2. The integrated home network system as set forth in claim 1,
wherein the service providing system comprises: a video on demand
(VOD) server for storing the VOD contents and outputting a moving
picture expert group transport stream (MPEG TS) of the VOD contents
in response to a VOD service request from at least one of the
integrated terminal devices; a high definition television (HDTV)
broadcast encoding device for receiving an HDTV broadcast signal
and converting the HDTV broadcast signal into the MPEG TS; and a
remote access server (RAS) for connecting a corresponding one of
the plurality of integrated terminal device to the Internet in
response to the VOD service request from the corresponding one of
the plurality of integrated terminal devices.
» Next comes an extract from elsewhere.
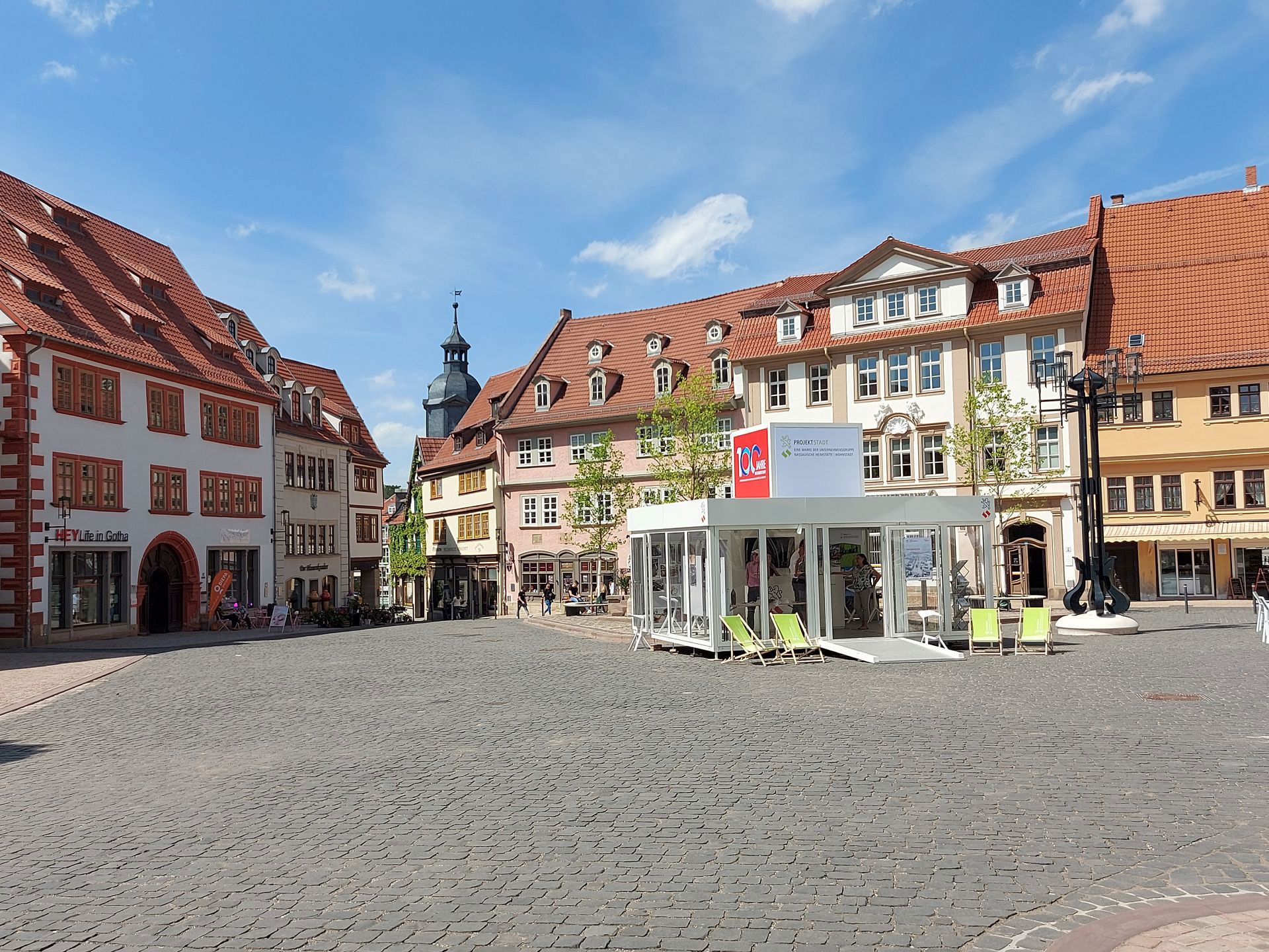 „Historischer Platz in neuem Gewand“ hieß es in Gotha. Zum Tag der Städtebauförderung stand der Infotainment-Cube der NHW auf dem frisch sanierten Hauptmarkt. Hier befand sich jahrelang eine Großbaustelle, welche die ProjektStadt in Weimar als Sanierungsträger betreut hat. Die umfangreiche Sanierung ist seit diesem Jahr fast vollständig abgeschlossen. Der Cube diente als Treffpunkt für Führungen über den Hauptmarkt, durch den historischen Fischkeller oder zur Pumpstation des Leinakanals. Außerdem konnten sich die Besucher:innen über die Sanierung des Hauptmarktes und die Leistungen der NHW informieren, es gab einen Fotowettbewerb und für Kinder ein Hauptmarkt-Quiz.

3. The integrated home network system as set forth in claim 2,
wherein the subscriber lines include a very-high-data-rate digital
subscriber line (VDSL).
4. The integrated home network system as set forth in claim 3,
wherein the access network comprises: a plurality of optical
network units (ONUs) connected to respective ones of the plurality
of integrated terminal devices through the very-high-data-rate
digital subscriber line (VDSL), the ONUs providing an interface
between an optical line and the VDSL; at least one optical line
terminal (OLT) connected to the ONUs, the OLT multiplexing upstream
signals for transmission from the respective ones of the integrated
terminal devices to the service providing system through the ONUs,
demultiplexing downstream signals for transmission from the service
providing system to the integrated terminal devices, and
transmitting the demultiplexed downstream signals to the ONUs; and
an asynchronous transfer mode (ATM) switch connected to the high
definition television (HDTV) broadcast encoding device, the video
on demand (VOD) server, the remote access server (RAS) and the OLT
through an optical path, the ATM switch transmitting the moving
picture expert group transport stream (MPEG TS) of the video on
demand (VOD) contents to the corresponding one of the integrated
terminal devices through the OLT in response to the VOD service
request from the corresponding one of the integrated terminal
devices, and providing communication between the corresponding one
of the integrated terminal devices and the RAS in response to the
Internet access of the corresponding one of the integrated terminal
devices.
5. An integrated terminal device for an integrated home network
system for providing multimedia services, the integrated home
network system including a service providing system for providing a
high definition television (HDTV) broadcast, a video on demand
(VOD) service and an Internet access service to subscribers of the
home network, and at least one said integrated terminal device
corresponding to a respective one of the subscribers of the
network, each said integrated terminal device being connected to a
very-high-data-rate digital subscriber line (VDSL), and comprising:
at least one interface section comprising one of an Ethernet
interface section connected to a personal computer through an
Ethernet, a home phone line networking alliance (HPNA) interface
section connected through a subscriber telephone line to a device
having another HPNA interface section, and a wireless local area
network (WLAN) interface section connected by wireless to a device
having another WLAN interface section; a VDSL interface section for
demodulating a VDSL frame received through the VDSL, converting the
demodulated VDSL frame into an asynchronous transfer mode (ATM)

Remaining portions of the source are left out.